◆ TASK DESCRIPTION: Word for word, restate the listing that follows and leave out the images.

◆ GIVEN INFORMATION:
▽
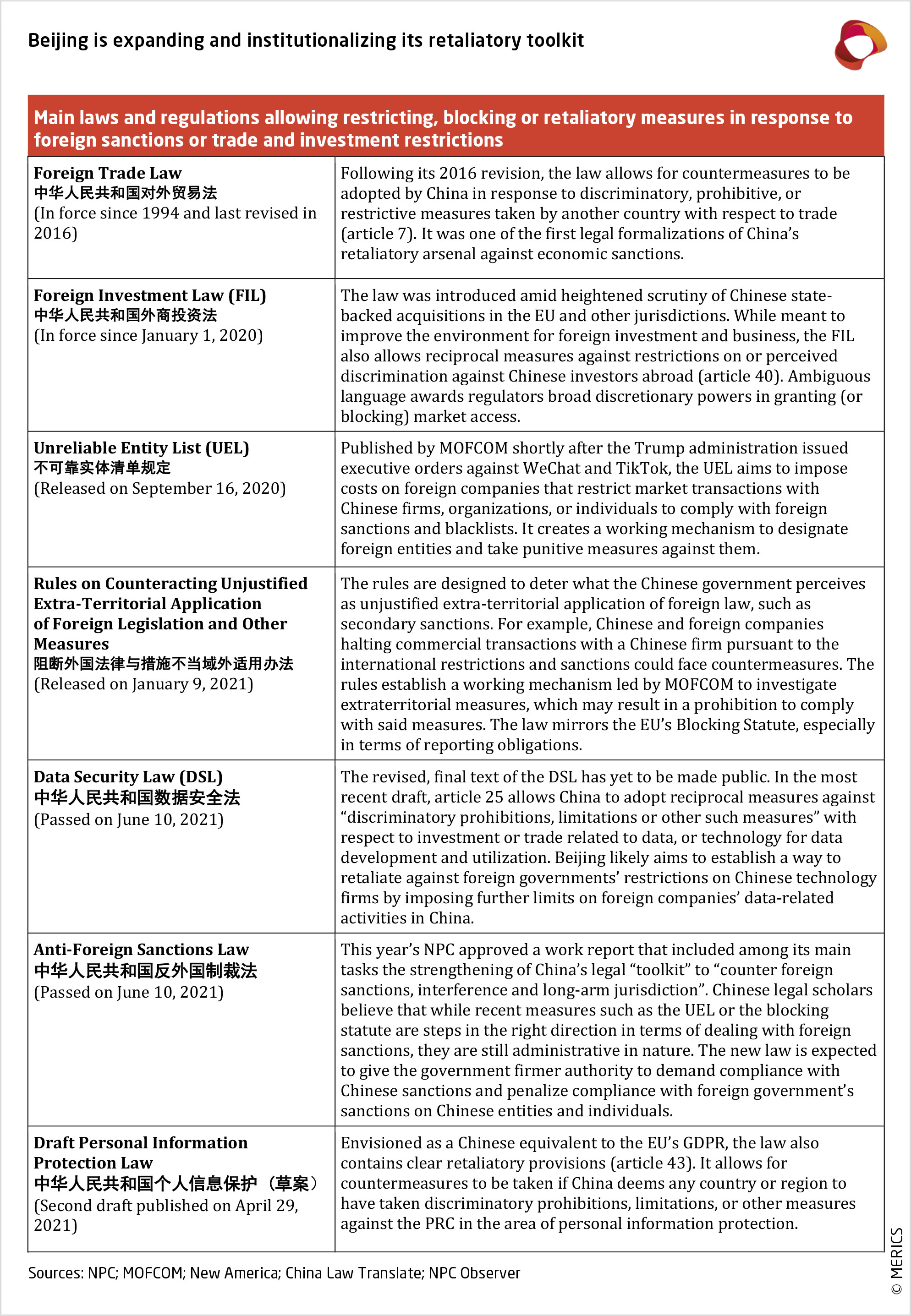 In light of these actions, Beijing is expanding its own retaliatory toolkit against sanctions and other acts it regards as discriminatory or otherwise unjustified treatment (see table below).
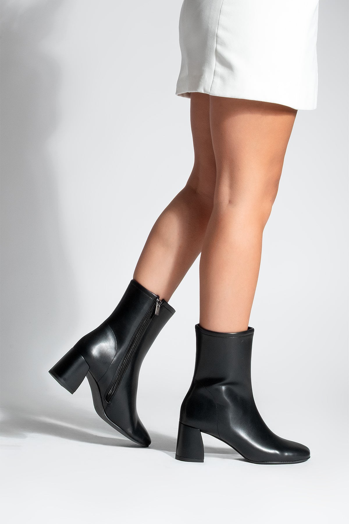 Kadın Küt Burun Topuklu Çizme Doreka - Siyah
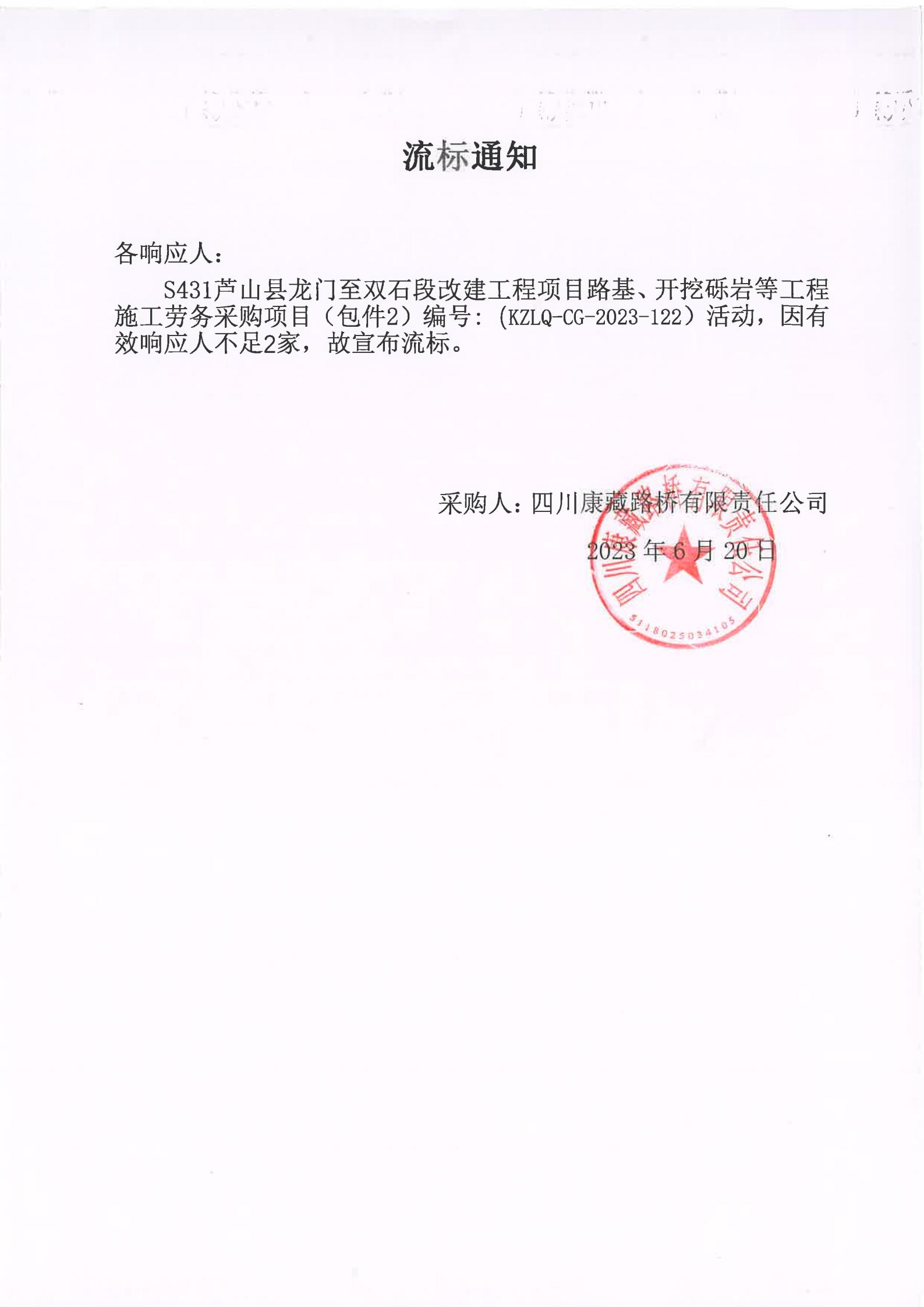 四川康藏路橋有限責(zé)任公司S431蘆山縣龍門(mén)至雙石段改建工程項(xiàng)目路基、開(kāi)挖礫巖等工程施工勞務(wù)采購(gòu)(包件2)流標(biāo)通知
△
◆ RESULT OF THE EXERCISE:
 In light of these actions, Beijing is expanding its own retaliatory toolkit against sanctions and other acts it regards as discriminatory or otherwise unjustified treatment (see table below).
 Kadın Küt Burun Topuklu Çizme Doreka - Siyah
 四川康藏路橋有限責(zé)任公司S431蘆山縣龍門(mén)至雙石段改建工程項(xiàng)目路基、開(kāi)挖礫巖等工程施工勞務(wù)采購(gòu)(包件2)流標(biāo)通知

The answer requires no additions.